---------- DATA FOR ANALYSIS

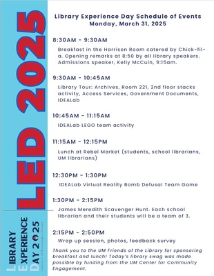 On March 31, 2025, 8 students from 4 North Mississippi High Schools participated in Library Experience Day with their school librarians.
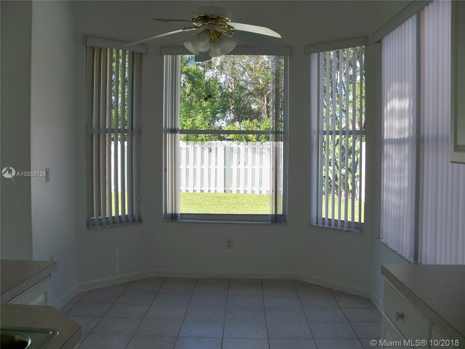 Beautiful 4/2.5 Grace model located in the prestigious Sunset Lakes community. NO rear neighbors.Ample DEN with sliding glass door to access covered terrace. Separated formal living and dining rooms. Family room with 2 sliding glass doors to easy access to the covered terrace. Kitchen with large eat at island and 42' European style cabinets. Breakfast nook. Master suite with 2 walking closets. Master bath with double sink vanity, 2 cultured marble vanities and cultured marble Roman tub.Bath #2 with double sink, cultured marble vanity and private shower. Laundry room with sink. EXTENDED covered terrace. Fenced backyard. Side entry garage. South facing home with low sun exposure since the majority of windows facing North (only one little window facing West).
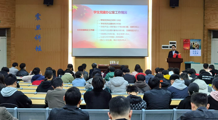 此后,工程糖果派对 第八届学生党建办公室副主任寇桓嘉同志汇报2020年度学生党建办公室工作情况。寇桓嘉同志向参会同志们详细汇报了工程糖果派对 2020年度党员考察、培养及发展转正工作,全年协助院党委开设入党积极分子培训班三期,培养入党积极分子390人,开设发展对象培训班五期,发展党员167人,共有2批党员转正,转正党员128人,完成外校转入42名学生党员的认定工作。另外还介绍了组织生活巡视情况、全体学生党员信息库建立、《工程糖果派对 学生党建工作指导》(第四版)编写等方面内容,最后表示要将学生党建办公室打造为服务院党委和学生党支部的“老黄牛”,以优异成绩向党的百岁华诞献礼。
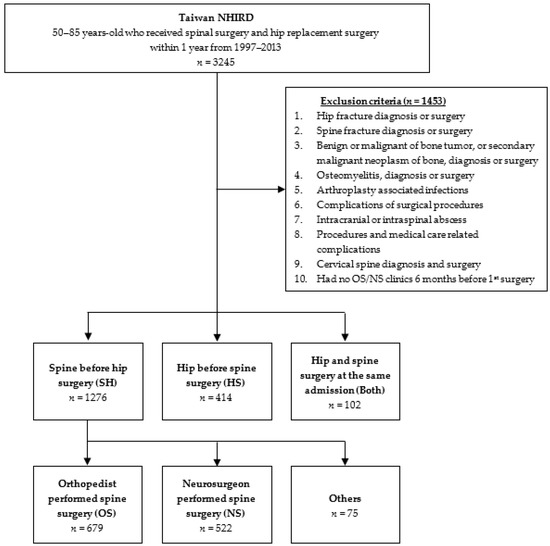 Patients undergoing specific hip arthroplasty and lumbar spine decompression or fusion procedures were selected using NHIRD procedural codes (see Table A1). Patients admitted for primary hip arthroplasty, including total hip arthroplasty (64162B) or partial hip arthroplasty (64170B), from January 1997 to December 2013, were identified from the Taiwan NHIRD. From that subset of patients, those who were 50~85 years old and who had received lumbar spinal surgery, including fusion surgery (83043B, 83044B, 83045B, or 83046B), laminectomy (83002C or 83003C), or lumbar discectomy (83024C) within 1 year before or after hip replacement surgery, were enrolled. All inclusion and exclusion procedure and diagnostic codes are listed in Table A1, Table A2 and Table A3. In order to select for patients undergoing surgery for lumbar or lumbosacral degenerative disease, patients receiving a cervical discectomy (83022c), procedures for spinal fracture (64160B), or with a diagnosis of a cervical spinal disorder (ICD-9 CM: 723*) or spinal trauma (ICD-9-CM: 805* or 806*) were excluded. Patients not seen in either an orthopedic or neurosurgery clinic within 6 months of their first surgery were also excluded.
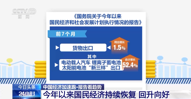 報告指出,前7個月貨物出口同比增長1.5%,其中電動載人汽車、鋰離子蓄電池、太陽能電池“新三樣”出口合計(jì)增長52.4%。知識密集型服務(wù)貿(mào)易較快增長,旅行服務(wù)貿(mào)易明顯恢復(fù),上半年服務(wù)進(jìn)出口同比增長8.5%。推動外資標(biāo)志性項(xiàng)目落地實(shí)施,外貿(mào)外資平穩(wěn)發(fā)展。
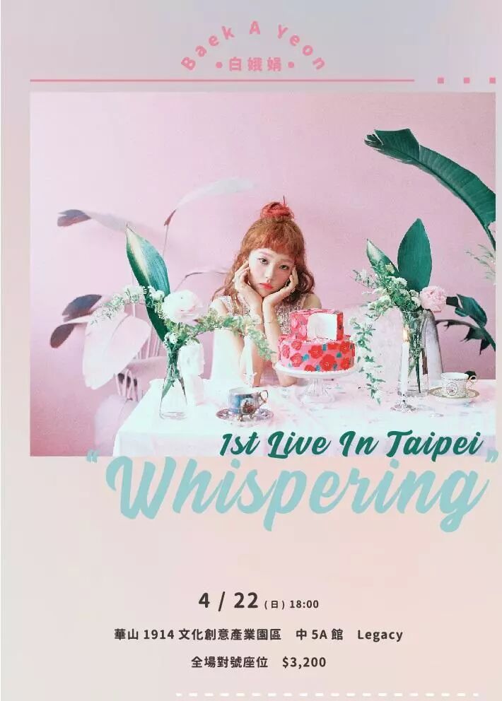 在韩国被称为「清新天籁」的白娥娟,4月22日,在宽宏得主办下来到台湾举办「Beak A Yeon 1st Live“Whispering”In Taipei」。这是白娥娟出道之后首度的访台演出。让乐迷感到非常的期待。
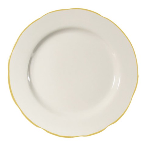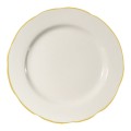 Seville Plate, 5-1/2" dia. x 3/4"H, round, scallop edge, dishwasher and oven safe, stoneware (ceramic), Gold Band/American White (Sold by case)

--------------------

* PROBLEM TO SOLVE *
Quote, please, only the lines running from the one with "在韩国被称为「清新天籁」的白娥娟,4月22日,在宽宏得主办下来到台湾举办「Beak A Yeon" down to the final line of the data above, keeping both ends and skipping the pictures.

* TASK ANSWER *
 在韩国被称为「清新天籁」的白娥娟,4月22日,在宽宏得主办下来到台湾举办「Beak A Yeon 1st Live“Whispering”In Taipei」。这是白娥娟出道之后首度的访台演出。让乐迷感到非常的期待。
 Seville Plate, 5-1/2" dia. x 3/4"H, round, scallop edge, dishwasher and oven safe, stoneware (ceramic), Gold Band/American White (Sold by case)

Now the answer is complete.